Under Section 307 of MP Municipal Corporation Act, 1956, the Commissioner of the corporation can cause the removal or alteration of a work not in conformity with the byelaws or any town planning scheme framed under Section 291 of the Municipal Corporation Act.
Buildings governed by the MPPSA 1976 or 2000 do not fall in either category and, therefore, it is highly questionable whether the corporation has any jurisdiction in this behalf. In my opinion if the corporation has taken any action to remove structures within the designated apartment area it has acted in violation of law.
I state this with some degree of confidence because the MPPSA, 1976, was drafted by me when I was Secretary, Environment Group of Departments and helped the then Chief Minister to pilot the Bill through the legislature. I do know that we had enacted this special legislation to deal with a designated set of apartments, which would have problems very different from those of houses built on individual plots of land, which is why the special vehicle of the Association and Board of Management was created.
The matter has gone to court but the issues raised by me in this article were probably not argued in this form before the courts. Now the Lokayukta has come into picture and has given some very rigid directives to the Municipal Corporation which, in compliance, has taken action which is itself questionable.
I have very great respect for retired Chief Justice Ripusudan Dayal, the present Lokayukta, and I am more than confident that his anxiety is to ensure compliance with law. However, in a society of laws we all have to work within the mandate given to us by law.
Under the MP Lokayukta Evam Uplokayukta Adhiniyam, 1981, Section 2 (b) defines the words “allegation in relation to a public servant”. Under Section 7 of the Act the Lokayukta has jurisdiction to enquire into an allegation made against a public servant.
Such allegation can be that the public servant abused his position to gain favour or cause undue harm, acted in accordance with improper or corrupt motive, is guilty of corruption or has property disproportionate to his known source of income.
Taking or not taking action on a complaint by a section of residents of Ansal Apartments does not fall in any of these categories and with greatest of respect I would submit that this is not a fit case for intervention by the Lokayukta. In any case, regardless of directions of the Lokayukta, the Municipal Commissioner is bound by the provisions of the MP Municipal Corporation Act and as such he had no jurisdiction to act in the Ansal Apartments case.
This is not an article meant to support any particular group or apartment owners in the said property. Basically, issues such as sale of the apartments by the original property owner together with the land appurtenant which is for the exclusive use of the apartment owner, the validity of the present Board of Mangers, actionability, if any, of alleged violators and the forum of action are all matters which call for detailed enquiry.
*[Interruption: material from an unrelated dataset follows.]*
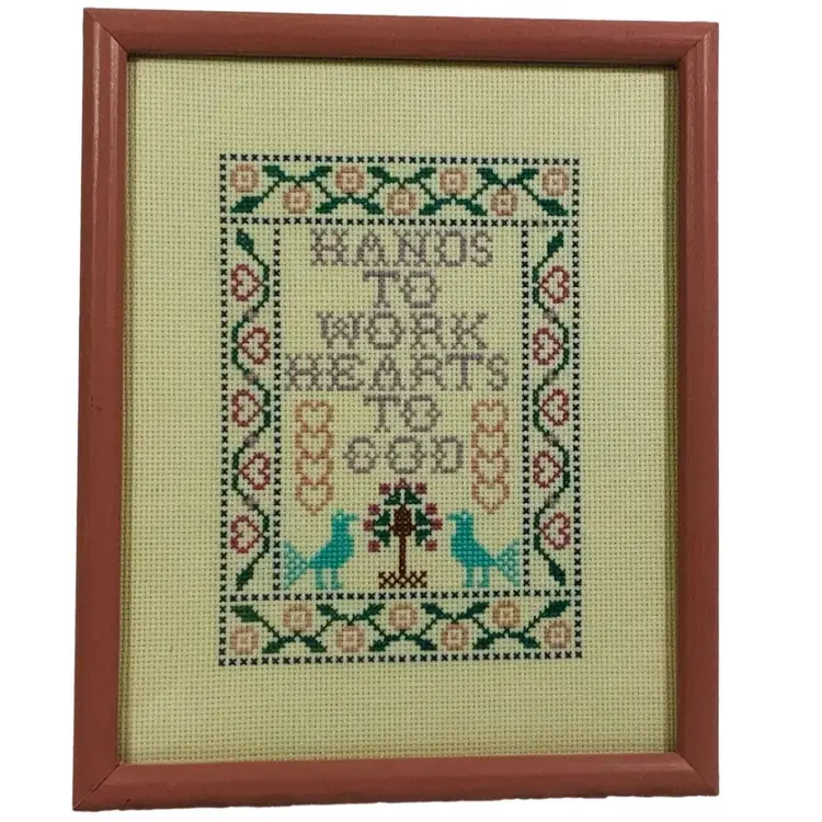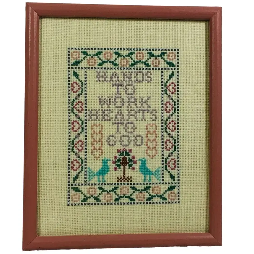 Framed 10.5” by 8.5” completed needlepoint crewel picture of watermelon and alphabet. In a beautiful pink wooden frame, which has some nicks and scratches. Definitely shows its age but in a good way. The back of the frame shows minor tears from being moved around for so long. It adds character and is typical wear of items of this age. Please review photographs as they are part of the description. Sold as is. Looks very cottage 80s decor.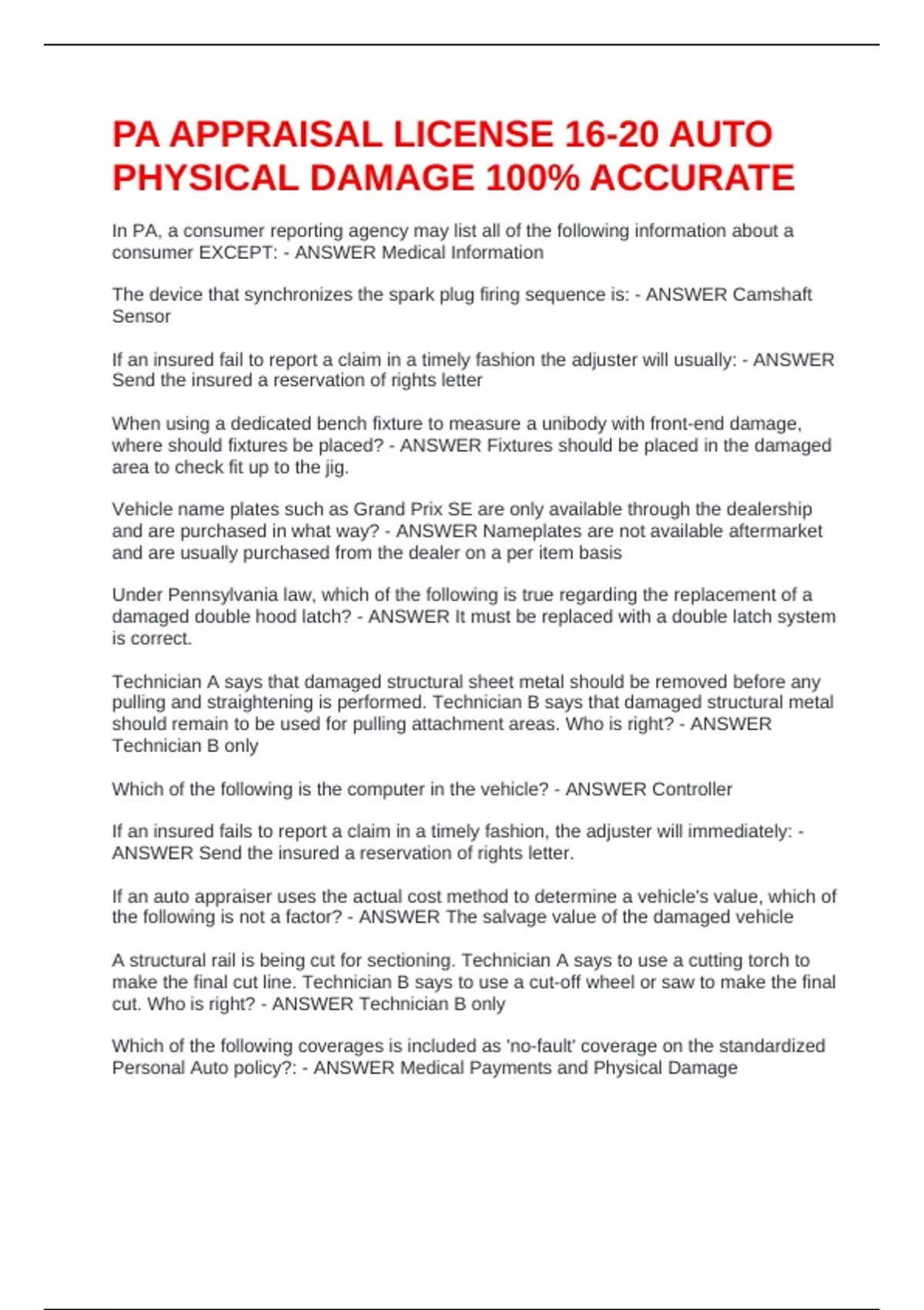 PA APPRAISAL LICENSE 16-20 AUTO PHYSICAL DAMAGE 100% ACCURATE

I would suggest that all punitive action must cease immediately and instead the Housing and Environment Department, which is responsible for the administration of the MPPSA 1976 should set up an enquiry committee to go into the whole issue and present a balanced, objective view before government. The committee should also advise why the MPPSA 2000 has not been notified for implementation even six years after enactment and suggest its immediate notification and enforcement.